Ex-Manson follower Leslie Van Houten released from prison
Former Charles Manson follower Leslie Van Houten was released from a California prison Tuesday, four days after Gov. Gavin Newsom’s office announced it would no longer challenge her parole grant.
Newsom had rejected parole for Van Houten on three occasions during his time in office, but a state appeals court in May rejected his most recent denial of parole. His office announced Friday it would not further challenge the issue in court.
According to the California Department of Corrections and Rehabilitation, the now-73-year-old Van Houten was released Tuesday “to parole supervision.”
“Van Houten will have a three-year maximum parole term with a parole discharge review occurring after one year,” according to a statement from CDCR. “For safety and security reasons, CDCR does not provide information on a person’s time or location of parole release.”
Van Houten was being held at the California Institution for Women in Corona.
Her attorney told the Associated Press that Van Houten was released in the early morning hours Tuesday and driven to a transitional housing facility.
Van Houten was convicted of murder and conspiracy for participating with fellow Manson family members Charles “Tex” Watson and Patricia Krenwinkel in the August 1969 killings of grocer Leno LaBianca, 44, and his 38-year-old wife, Rosemary, who were each stabbed multiple times in their Los Feliz home.
The former Monrovia High School cheerleader — who was 19 at the time — did not participate in the Manson family’s killings of pregnant actress Sharon Tate and four others in a Benedict Canyon mansion the night before.
Van Houten served more than 50 years of a potential life prison sentence.
A state parole board recommended parole for Van Houten in November 2021, marking the fifth time for such a decision. The four previous parole recommendations for Van Houten were rejected by governors, including Newsom.
In May, a California’s 2nd District Court of Appeal panel, in a 2-1 decision, overturned Newsom’s rejection of Van Houten’s most recent parole grant.
“Van Houten has shown extraordinary rehabilitative efforts, insight, remorse, realistic parole plans, support from family and friends, favorable institutional reports, and, at the time of the governor’s decision, had received four successive grants of parole,” Associate Justice Helen I. Bendix wrote in the ruling. …
“Under these circumstances Van Houten’s unchanging historical risk factors do not provide some evidence that she is currently dangerous and unsuitable for parole,” Bendix wrote, with Associate Justice Victoria Gerrard Chaney concurring in the 58-page ruling that reversed the governor’s 2022 decision and reinstated the grant of parole for Van Houten.
In a dissenting opinion, Presiding Justice Frances Rothschild concluded that “the record contains some evidence Van Houten lacked insight into the commitment offense” and found that was sufficient when “coupled with the heinous nature of that crime” to “provide some evidence of current dangerousness and support the governor’s decision.”
Newsom had blocked parole for Van Houten in March 2022, writing that, “Given the extreme nature of the crime in which she was involved, I do not believe she has sufficiently demonstrated that she has come to terms with the totality of the factors that led her to participate in the vicious Manson Family killings. Before she can be safely released, Ms. Van Houten must do more to develop her understanding of the factors that caused her to seek acceptance from such a negative, violent influence, and perpetrate extreme acts of wanton violence.”
On Friday, however, Newsom’s office announced it would not file any more appeals challenging Van Houten’s release, saying such efforts were “unlikely to succeed.”
“More than 50 years after the Manson cult committed these brutal offenses, the victims’ families still feel the impact, as do all Californians.

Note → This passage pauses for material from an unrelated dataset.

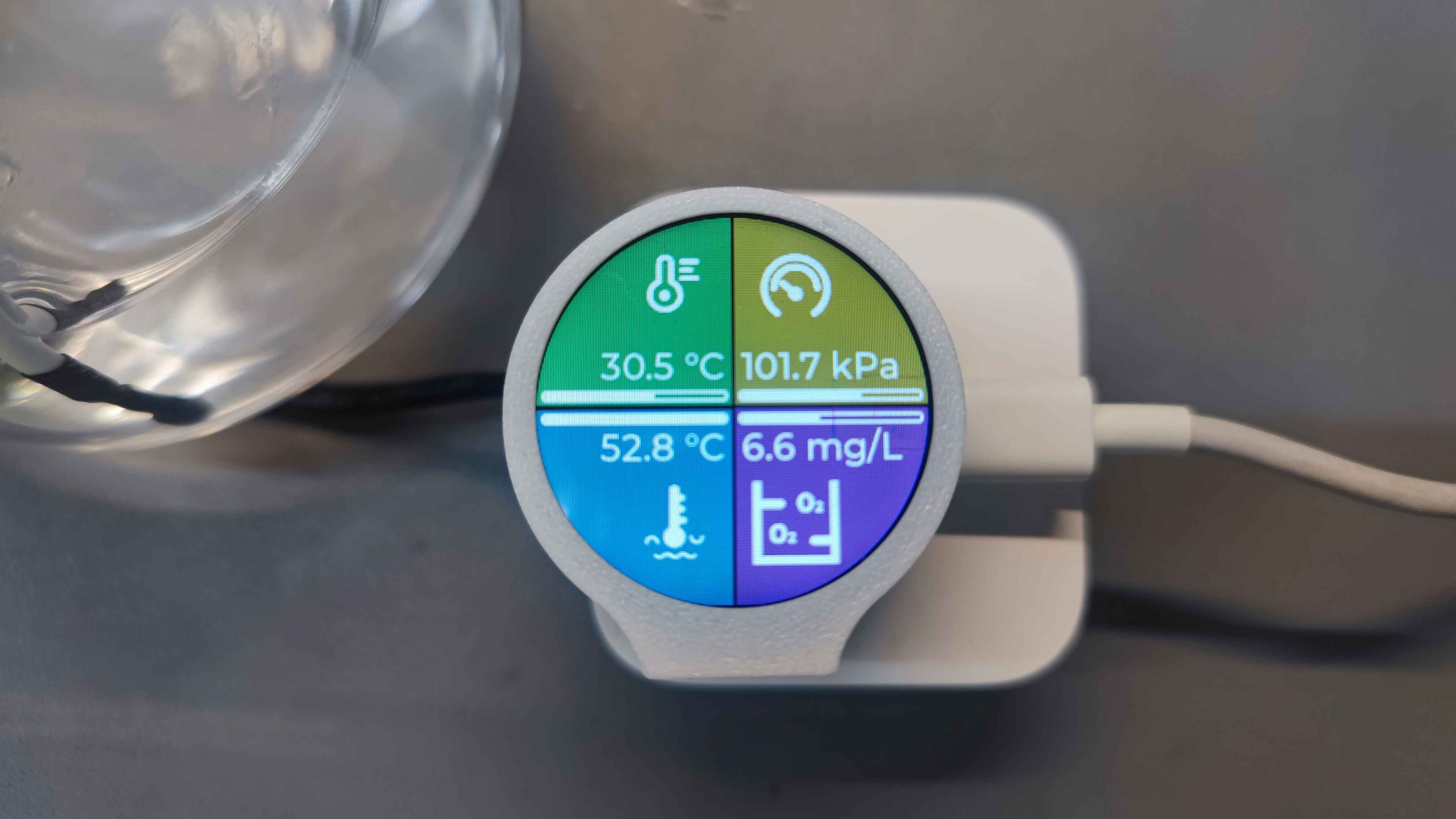 - 组装完成后,将远端测温头放置在空气中进行测量:本地温度30.5℃(因LCD热量传导导致温度较高),远端温度28.8℃,大气压强101.7kPa,计算的溶氧量7.8mg/L。

Governor Newsom reversed Ms. Van Houten’s parole grant three times since taking office and defended against her challenges of those decisions in court,” Erin Mellon, the governor’s communications director, said in a written statement. “The governor is disappointed by the Court of Appeal’s decision to release Ms. Van Houten but will not pursue further action as efforts to further appeal are unlikely to succeed.”
A request in May 2020 to release Van Houten, who was then 70, on bail or her own recognizance due to her high risk of contracting COVID-19 was denied.